Another important driver of the trade imbalance between the US and China is Beijing’s pegging of the RMB to the dollar at what is deemed by many to be a substantially discounted rate. While many agree that the RMB is undervalued, few concur on the actual level of distortion with estimates ranging from 15% to as much as 50%. The depreciated currency increases the competitiveness of Chinese exports, leading many US companies to import from China over domestic or other international suppliers. China’s currency has not always been undervalued. In the early 1980s, for instance, it was greatly overvalued, with 1.5 RMB per USD, a rate set to allow China more easily import the goods it needed to develop its economy. There have been numerous revaluations of the RMB-dollar exchange rate since the 1980s. Between 1994 and 2005, the rate remained stable at around 8.3 RMB per USD. Though generally resistant to international pressure, particularly regarding key domestic interests, the CCP has since allowed the RMB to appreciate, albeit very gradually. The most significant appreciation occurred between 2005 and 2008 when the rate shifted from 8.27 RMB to 6.81 RMB per USD, an appreciation in value of the Chinese currency of almost 18%. However, it remained at or around that rate for another two years, before a further gradual appreciation was allowed to begin in 2010. By June 2012, it was valued at 6.36 RMB to the USD. China is able to maintain this low rate of exchange through vast purchases of US treasuries, which helps keep the dollar strong; as of November 2011, China held approximately $1.3 trillion dollars in reserves, equating to around 40% of its enormous foreign reserves.

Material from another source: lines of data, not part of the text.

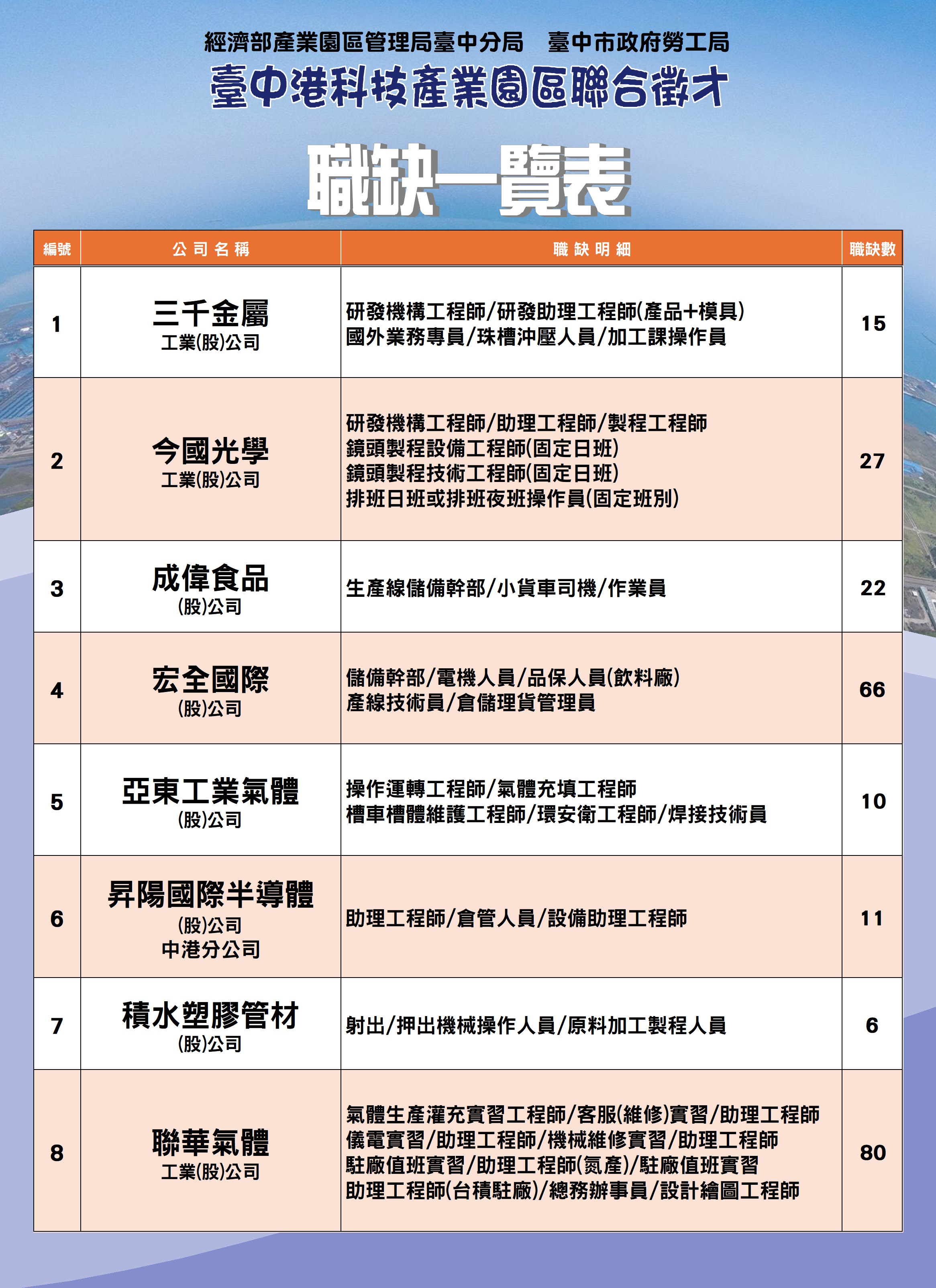 本場邀請三千金屬、今國光學、成偉食品、宏全國際、亞東氣體、昇陽半導體、積水塑膠及聯華氣體等8家廠商,共計237個工作機會,歡迎市民朋友踴躍前往參加!
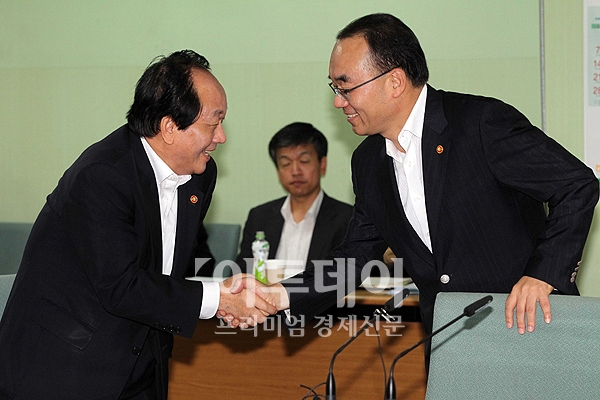 박재완 기획재정부 장관(오른쪽)과 서규용 농림수산식품부 장관이 31일 오전 정부과천청사에서 열린 경제정책조정회의에 참석하며 인사를 나누고 있다.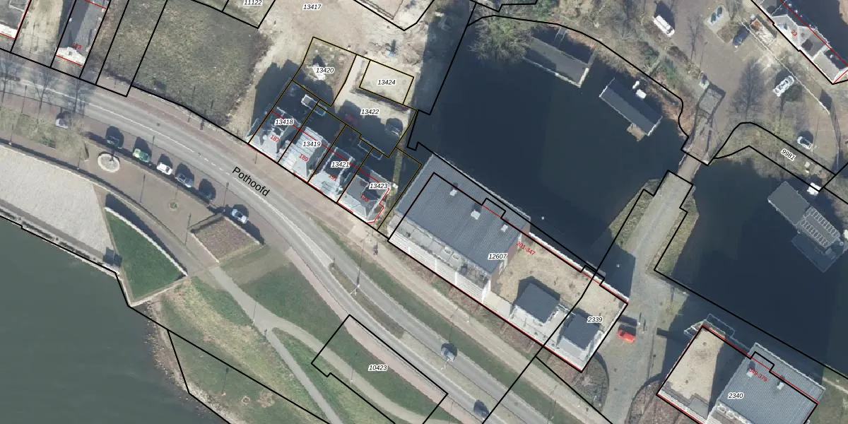 Pothoofd 305 is gelegen op kadastraal perceel DVT00E12607. Deze kadastrale aanduiding is uniek en wordt gebruikt door het Kadaster om eigendomsrechten en andere zakelijke rechten vast te leggen. Het perceel maakt onderdeel uit van de kadastrale gemeente Deventer.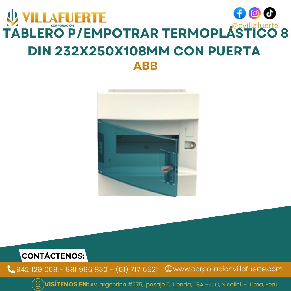 Tablero p/empotrar de termoplástico 8 DIN 232x250x108mm con puerta ABB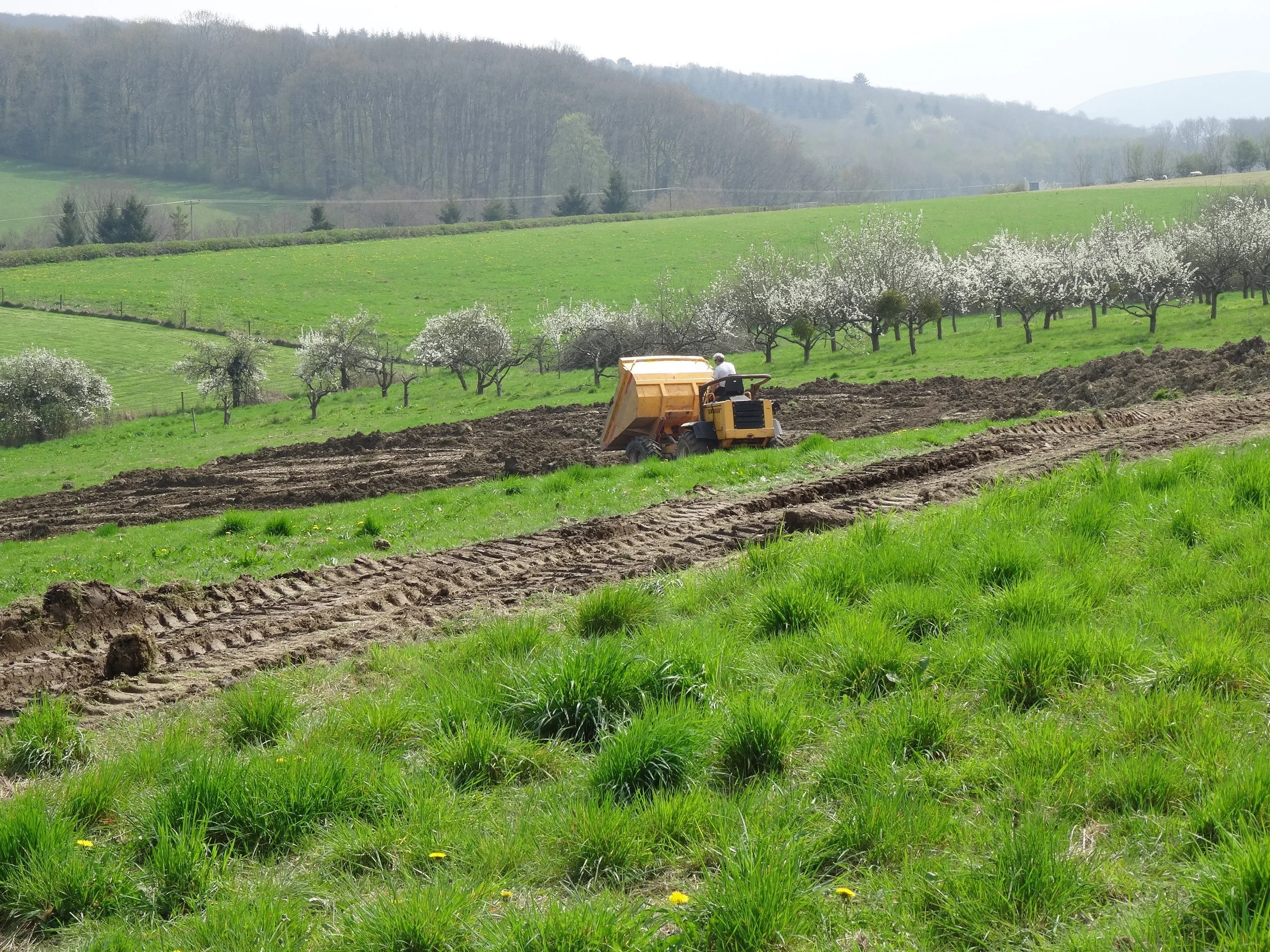Dumping subsoil in a dip in the field adjacent to the house: perhaps counterintuitively, wildflowers need poorer quality soil so this helped with our derise to develop a wildflower meadow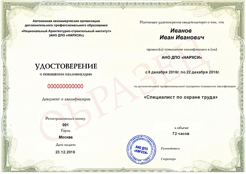 - Образец удостоверения о повышении квалификации.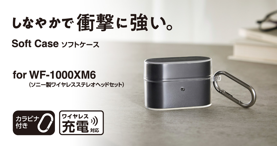 強じんな耐久性としなやかな弾力性をあわせ持つTPU(熱可塑性ポリウレタン)素材を採用し、本体デザインを損なわない透明感で美しさを際立たせるソニー WF-1000XM6用ソフトケースです。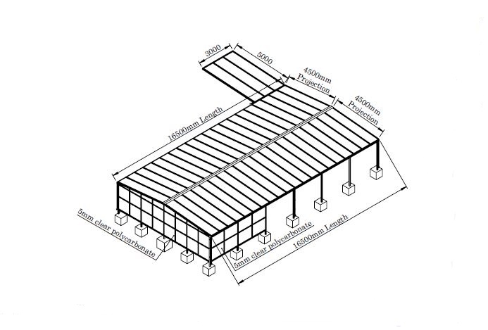 Following a detailed site survey in December 2024, our team recommended the installation of a Coniston Apex Freestanding Canopy which is two Coniston Freestanding Canopies, positioned back-to-back to form a spacious 16.5m x 9m covered area, totalling 148.5 square metres. To enhance accessibility and weather protection between the building and the new canopied space, we also installed a 5m x 3m Coniston Wall Mounted Canopy.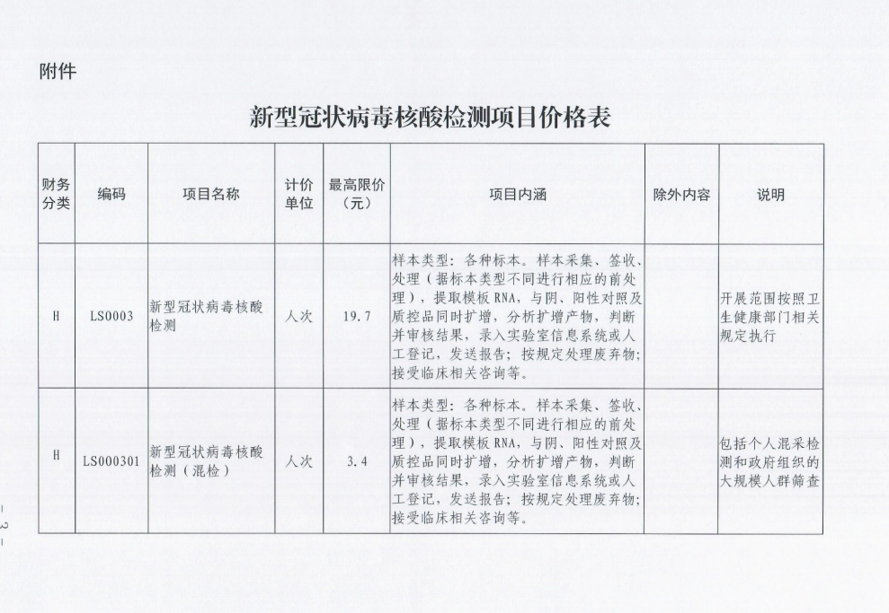 關(guān)于調(diào)整醫(yī)療機(jī)構(gòu)新型冠狀病毒核酸檢測項目價格的通知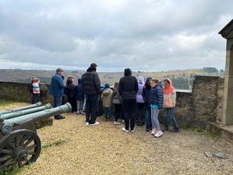 Die Führung begann im Schlosshof, wo sie erfuhren, dass der Graf von Solms noch in dem Schloss wohnt. Auf dem Boden konnten die Kinder das Braunfelser Wappen deutlich erkennen. Anschließend ging es in den Rittersaal. Hier wartete eine Aufgabe auf die Kinder. Sie bekamem Ausschnitte von Fotos in die Hand. Die Gegenstände, die darauf zu erahnen waren, sollten sie in dem Rittersaal finden. Die Kinder konnten aber nicht nur das Schloss bestaunen, sondern auch die Kanonen. „Wie denkt ihr denn eigentlich, wie die Kanonen damals funktioniert haben?“, fragte der Schlossführer.

This implicit subsidy to Chinese exporters has meant that US manufacturers have struggled to compete against Chinese products, causing US manufacturing industries to suffer and US unemployment to increase. Some estimates have put the number of additional US unemployed because of China’s devalued exchange rate at 2.4 million between the years of 2001 and 2008. Yet, what is often forgotten in debates on US unemployment figures is that the average US citizen has benefited from cheaper consumer products and, consequently, a greater disposable income. Recent estimates suggest that the average American household is $625 per year better off as a result of low-cost Chinese trade.

Beijing insists that its foreign exchange policy is vital to domestic economic security; the stability of its society and its monopoly on power is very much dependent on its ability to provide economic prosperity to its people. Additionally, an appreciation in the RMB also means that its US dollar holdings will buy less in its own currency. For example, an appreciation of the RMB by 41% would result in a value of $672 billion effectively being wiped off China’s US securities’ holdings in terms of what those holdings would be able to purchase if converted into its domestic currency.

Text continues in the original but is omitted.